The TM domains of HCV envelope glycoproteins have a similar ER retention function to the TM domains of prM and E (reviewed in reference 46), indicating some conservation in the functions of these TM domains in the Flaviviridae family. Sequence analyses have shown that the C termini of the envelope proteins of all the members of the Flaviviridae family have a similar organization (15): they are all composed of two hydrophobic stretches separated by a small connecting segment containing one or more charged residues. However, the TM domains of the envelope proteins of the hepaciviruses and the flaviviruses do not have the same structure (47). In the case of HCV, the TM domains form a hairpin structure before cleavage of HCV polyprotein by a host signal peptidase, and a reorientation of the second hydrophobic stretch occurs after cleavage to produce a single membrane-spanning domain (14). As discussed above, the TM domains of flavivirus envelope proteins form antiparallel α-helices (68, 69). These structural differences are associated with differences in other functions. The TM domains of HCV envelope glycoproteins have indeed been shown to play a major role in heterodimerization (49), whereas prME association does not involve the TM domains (48).

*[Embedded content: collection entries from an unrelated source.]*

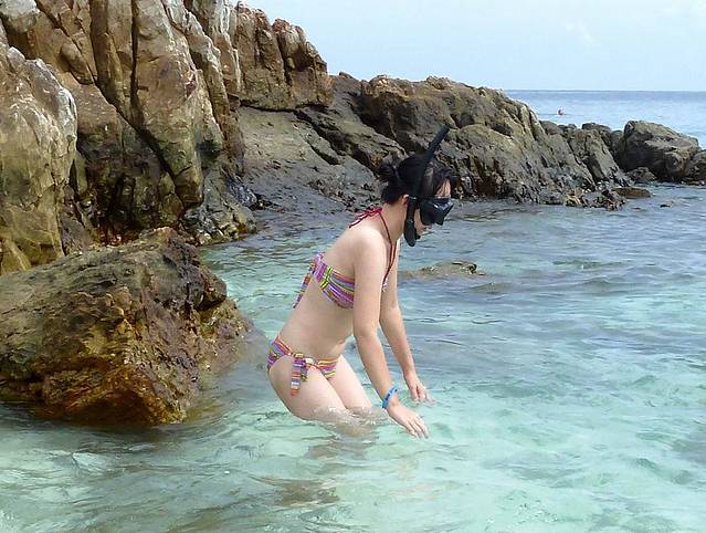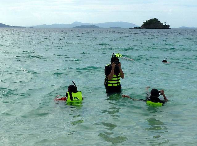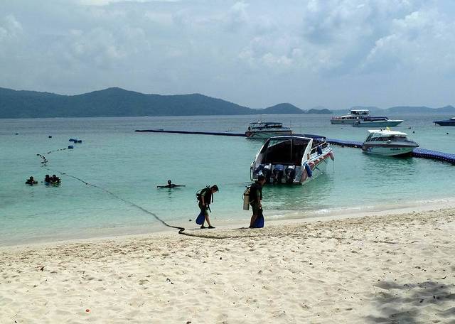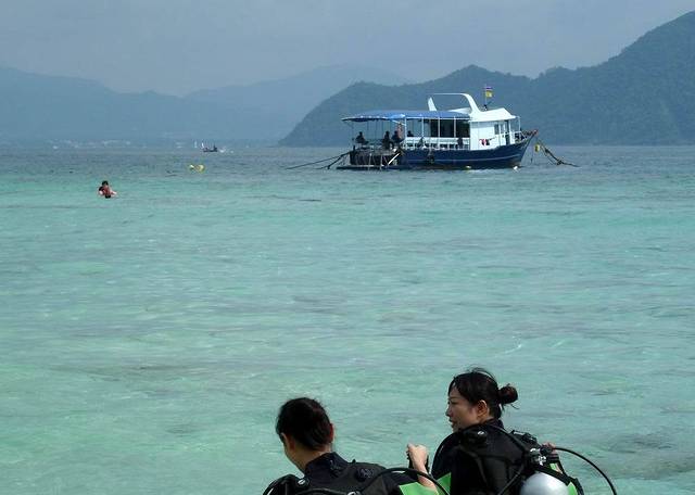 很多人参加了蓝钻珊瑚岛的自费深潜活动,这里不像塞班岛等地,深潜还要经过培训,交钱就可以参加(年龄大的拒绝参加)。深浅2100铢/人(人民币440多),拍照是750铢,一共差不多600多人民币。
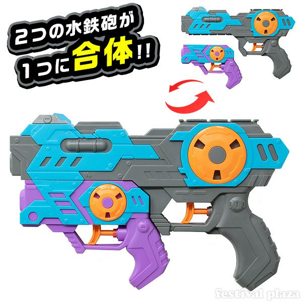 2つの水鉄砲が1つに合体!ダブルアクションで狙い撃ち!!
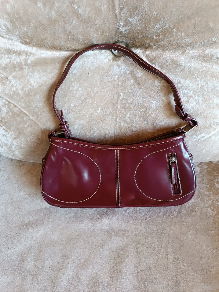 Bordo renkli, parlak deri kadın çantası. Minimalist tarzda, fermuarlı ve günlük sokak kullanımı için uygundur. (Az kullandı) Eni 30 cm. çanta sapı 25 cm.
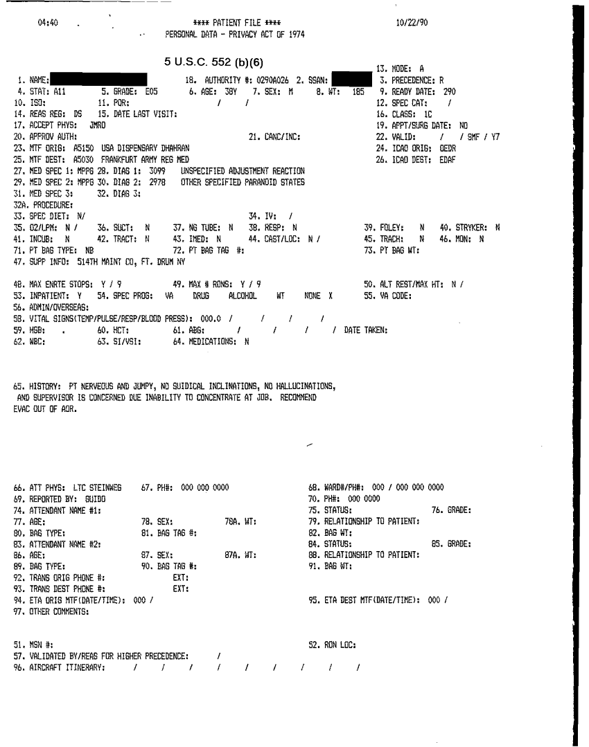 Document 41 f:/Week-32/BX000482/MEDSTAT - SITREPS OCT 90 3 OF 4/patient file:10019616503518

Recently, we have investigated the role of the TM domains of prM and E in the envelope formation of the YFV by alanine-scanning insertion mutagenesis (48). Most of the alanine insertions tested had a dramatic effect on the release of YFV subviral and viral particles, indicating that the TM domains play a role in flavivirus assembly. The alanine insertions probably led to an alteration of the potential coiled-coil structure of these domains. Here, we show that the TM domains of YFV envelope proteins are also involved in their subcellular localization, indicating that these domains play a major role in the formation of the flavivirus envelope.